Patterns

Adaptive Plans

Dynamic planning where an LLM generates a plan, executes it, and revises the plan on failure -- up to a maximum number of revisions.

Overview

Adaptive Plans combine LLM-powered plan generation with automatic error-driven revision. An LLM planner generates a PlanNode tree, the runtime compiles and executes it, and if execution fails, the error is fed back to the planner to produce a revised plan.

Signature

function adaptivePlan<O>(opts: {
  planner: Step<string, PlanNode>;
  agents: Record<string, (prompt: string) => Step<string, unknown>>;
  constraints?: PlanConstraints;
  maxRevisions: number;
  executeStep?: ExecuteStepFn;
}): Step<string, O>
ParameterTypePurpose
plannerStep<string, PlanNode>A step that takes a task description and returns a PlanNode tree
agentsRecord<string, (prompt: string) => Step>Agent factories keyed by role name
constraintsPlanConstraintsOptional constraints on execution
maxRevisionsnumberMaximum number of plan revisions before giving up
executeStepExecuteStepFnOptional custom step executor

Example

import { adaptivePlan, react, step, PlanNodeSchema } from '@noetic/core';

const planner = step.llm({
  id: 'plan-generator',
  model: 'gpt-4o',
  system: 'Generate a task plan as a PlanNode tree.
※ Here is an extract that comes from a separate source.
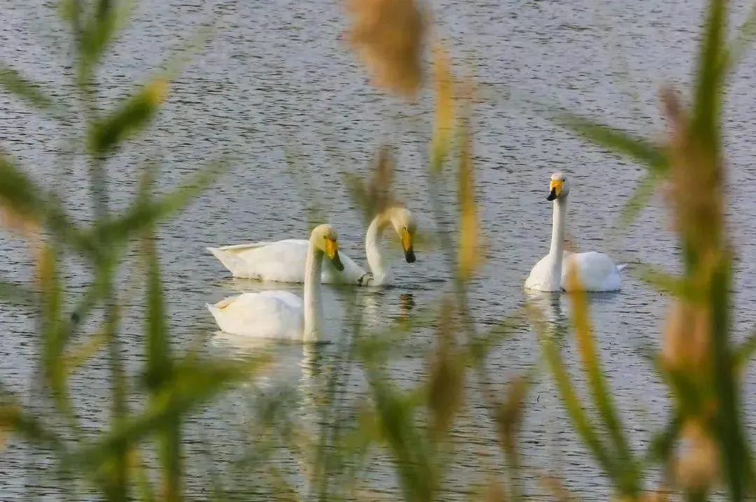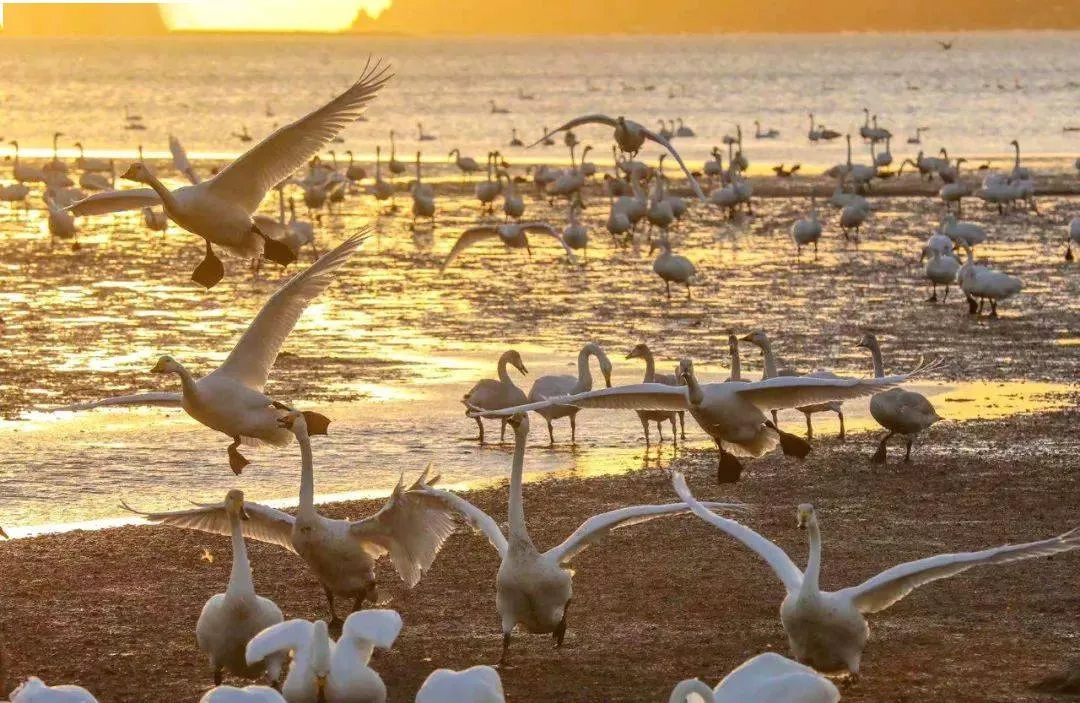 数以万计的大天鹅到运城“度假”

Available agents: researcher, coder.',
  output: PlanNodeSchema,
});

const agents = {
  researcher: (prompt: string) => react({
    model: 'gpt-4o',
    system: prompt,
    tools: [searchTool],
  }),
  coder: (prompt: string) => react({
    model: 'gpt-4o',
    system: prompt,
    tools: [codeTool, testTool],
  }),
};

const agent = adaptivePlan({
  planner,
  agents,
  maxRevisions: 3,
});

How It Works

  1. The planner step receives the user input and generates a PlanNode tree.
  2. The tree is compiled via compilePlan() into an executable Step.
  3. The compiled step is executed.
  4. If execution throws an error, the error message is appended to the original input: "{input}\n\nPrevious plan failed: {error.message}".
  5. The planner generates a revised plan with this context.
  6. Steps 2-5 repeat until execution succeeds or maxRevisions is exhausted.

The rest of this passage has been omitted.